• **Given data**:
◆ ◆ ◆

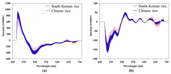 Average fluorescence spectra after pre-treatment application for the South Korean and Chinese rice samples: (a) first-order derivative and (b) second-order derivative.
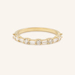 The Elvire Baguette Round Diamond Ring is a harmonious blend of modern elegance and timeless design. Featuring alternating baguette and round diamonds, this sophisticated ring creates a captivating pattern that exudes brilliance. Perfect as a statement piece, anniversary band, or wedding ring, the Elvire ring offers a refined and versatile style that celebrates life’s most cherished moments.
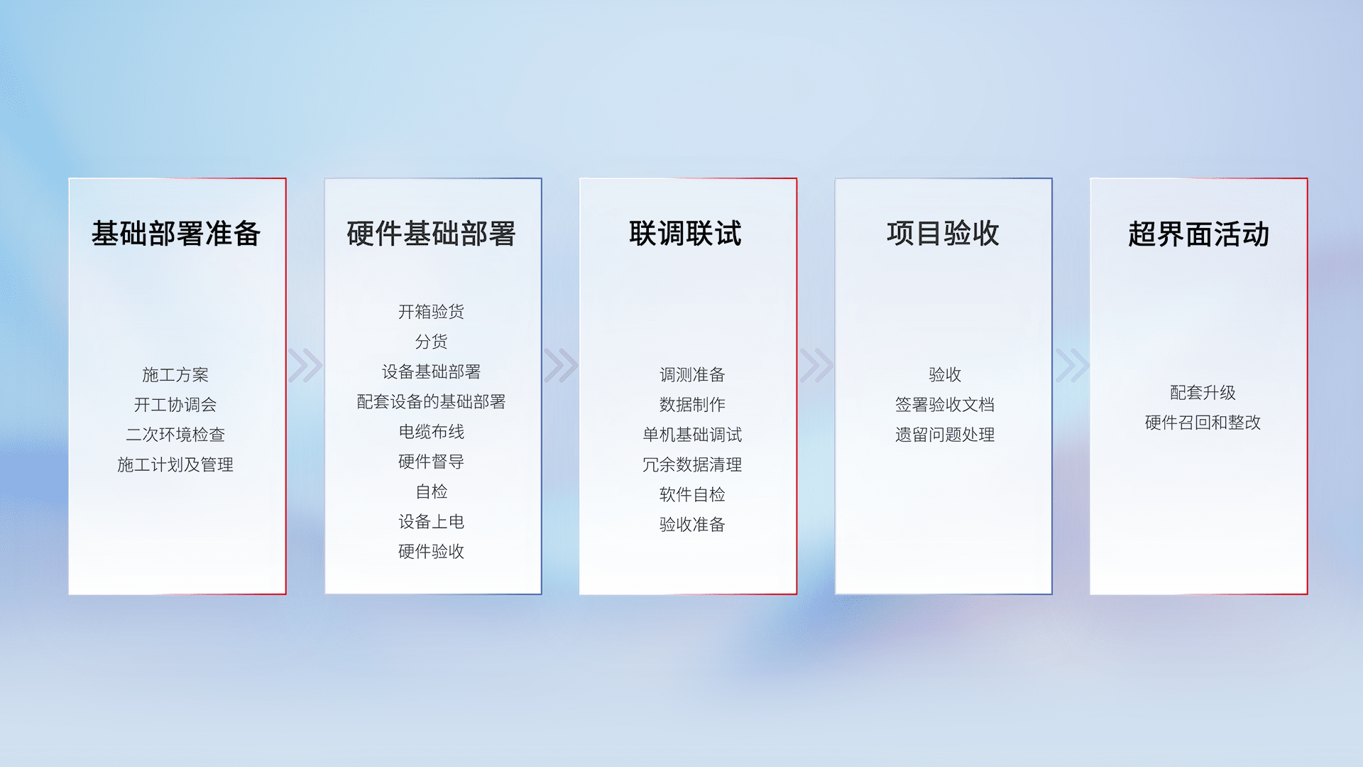 从基础部署准备、、硬件基础部署、、、联调联试、、、、项目验收、、、越界面活动的全过程可追溯,,保证施工质量和进度。。

◆ ◆ ◆

Please write out all the data again word for word, but not the pictures.

• **Task output**:
 Average fluorescence spectra after pre-treatment application for the South Korean and Chinese rice samples: (a) first-order derivative and (b) second-order derivative.
 The Elvire Baguette Round Diamond Ring is a harmonious blend of modern elegance and timeless design. Featuring alternating baguette and round diamonds, this sophisticated ring creates a captivating pattern that exudes brilliance. Perfect as a statement piece, anniversary band, or wedding ring, the Elvire ring offers a refined and versatile style that celebrates life’s most cherished moments.
 从基础部署准备、、硬件基础部署、、、联调联试、、、、项目验收、、、越界面活动的全过程可追溯,,保证施工质量和进度。。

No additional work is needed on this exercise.